Утром я зашла в chocolaterie и купила коробку «пьяной вишни». Янна была там, и при ней малышка. Покупателей, кроме меня, не было, но она почему-то заторопилась, увидев меня, и, по-моему, ей стало немного не по себе, да и конфеты, когда я их попробовала, оказались самыми обыкновенными.
— Когда-то я сама такие конфетки делала, — сказала Янна, вручая мне перевязанную бумажной лентой коробку. – Но с «пьяной вишней» всегда столько возни, а времени у меня в обрез. Надеюсь, вам понравится.
Я с притворной жадностью сунула одну конфетку в рот.
— Мечта! – воскликнула я, хотя вишня напоминала скорее маринованную, а не «пьяную».
На полу за прилавком Розетт что-то тихонько напевала, стоя на четвереньках среди разбросанных карандашей и листков разноцветной бумаги.
— Она разве в детский садик не ходит?
Янна покачала головой.
— Я предпочитаю сама за ней присматривать.
Что ж, это заметно. Впрочем, заметно и кое-что еще, особенно когда как следует приглядишься. За этой небесно-голубой дверью скрывается множество вещей, которых обычно покупатели просто не замечают. во-первых, помещение старое и явно требует ремонта. Витрина, правда, оформлена вполне симпатично – разными хорошенькими баночками и коробочками, да и стены в магазине выкрашены веселой желтой краской, но сырость все равно не скроешь, она притаилась в углах и под полом и свидетельствует о нехватке и времени, и денег. Хотя, конечно, они кое-что предприняли, чтобы это скрыть: тонкая, похожая на паутину золотистая надпись как бы случайно оказалась именно в том месте, где на стене больше всего трещин, приветливо мерцает дверь, воздух пропитан роскошными ароматами, обещающими нечто гораздо большее, чем эти второсортные шоколадки.
Попробуй. Испытай меня на вкус.
Левой рукой я незаметно начертала в воздухе магический знак – Глаз Черного Тескатлипоки. И тут же вокруг заполыхали цветы, подтверждавшие мои первоначальные подозрения. Это, безусловно, проявлялась чья-то волшебная сила, но вряд ли Янны Шарбонно. У этого многоцветного сияния слишком молодой, наивный, взрывной оттенок, что свидетельствует о душе, еще не обученной.

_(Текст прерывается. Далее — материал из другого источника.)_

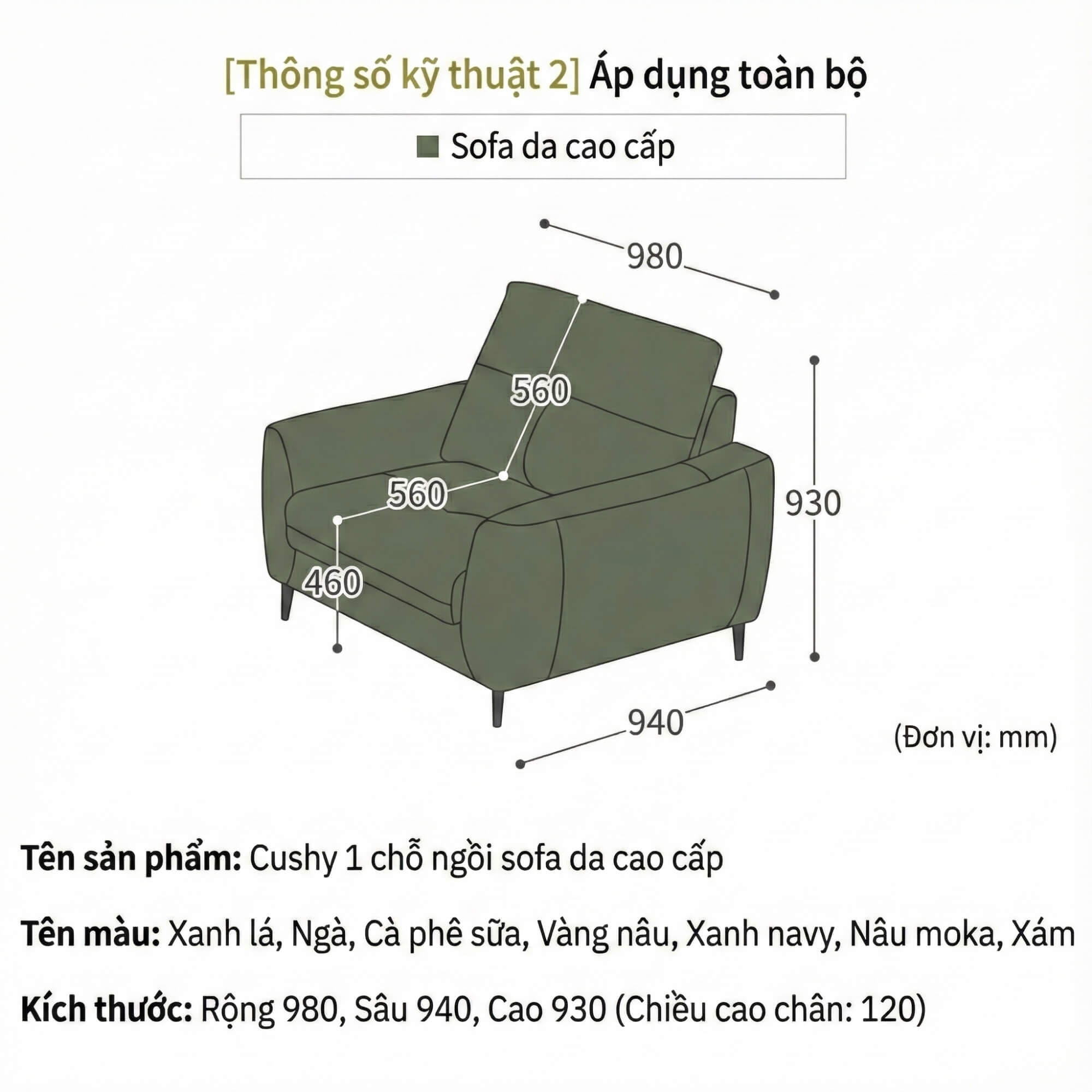 - Cao: 930mm (Chiều cao chân: 120mm)

Анни? А кто еще? Неужели ее мать? Ну что ж. в ней действительно есть нечто такое, что такое, что не дает мне покоя, хотя я заметила это лишь однажды – в самый первый день, когда она открыла дверь, услышав свое имя. Тогда у нее и аура была ярче; и что-то подсказывает мне: те яркие цвета вообще ей свойственны, хоть она и старается это скрыть.

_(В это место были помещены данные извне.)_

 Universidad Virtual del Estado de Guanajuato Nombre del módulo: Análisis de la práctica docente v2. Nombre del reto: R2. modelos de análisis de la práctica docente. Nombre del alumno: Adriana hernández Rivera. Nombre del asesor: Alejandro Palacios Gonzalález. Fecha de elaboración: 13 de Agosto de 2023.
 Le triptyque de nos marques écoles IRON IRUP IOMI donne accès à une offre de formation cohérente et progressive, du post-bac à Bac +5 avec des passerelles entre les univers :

Розетт по-прежнему рисовала на полу, напевая свою простенькую песенку. «Бам-бам-бамм… Бам-бадда-баммм…»
— Идем, Розетт. Тебе пора спать.
Но Розетт даже головы не подняла. Только пение стало чуть громче; теперь она сопровождала его еще и ритмичными постукиванием ножки, обутой в сандалию. «Бам-бам-бам…»
— Ну хватит, Розетт, — ласково сказала Янна. – Давай-ка уберем твои карандаши.
Розетт и на это предложение никак не отреагировала.
— Бам-бам-бам… Бам-бадда-бамм… — И под это пение ее аура из нежно-золотистого цвета осенних хризантем превратилась в ярко-оранжевую, и она со смехом протянула ручонки, словно пытаясь поймать в воздухе падающие лепестки. – Бам-бам-бамм… Бам-бадда-бамм…
— Тише, Розетт!
Вот теперь я отчетливо почувствовала, до какой степени Янна напряжена. И напряжение это свидетельствовало не столько о растерянности – из-за того, чтто дочка не желает ее слушаться, — сколько о приближающейся опасности. Она подхватила Розетт, которая продолжала беззаботно, как птичка, напевать, и, слегка сдвинув брови, извинилась передо мной.
— Вы уж нас простите. Она всегда так, когда переутомится. Просто ей пора спать.
— Ничего страшного. Она у вас такая умница, — сказала я.
С прилавка вдруг упала кружка с карандашами. И карандаши покатились по полу во все стороны.
— Бам, — сказала Розетт, указывая на рассыпавшиеся карандаши.
— Извините, но мне нужно поскорее уложить дочку. – Янна снова начинала нервничать. – Она, если днем не поспит, к вечеру становится просто неуправляемой.
Я снова посмотрела на Розетт: ни переутомленной, ни слишком возбужденной она мне вовсе не показалась. А вот мать ее выглядела действительно усталой, даже измученной. В лице ни кровинки, и эта стрижка – слишком резкое каре – ей совсем не идет, и дешевы черный свитер тоже, она в нем кажется бледной как смерть.
— Вы хорошо себя чувствуете? Участливо спросила я.
Она кивнула.
Лампочка в единственном светильнике у нее над головой вдруг замигала. Ох уж эти старые дома! Вечно в них проводка никуда не годится.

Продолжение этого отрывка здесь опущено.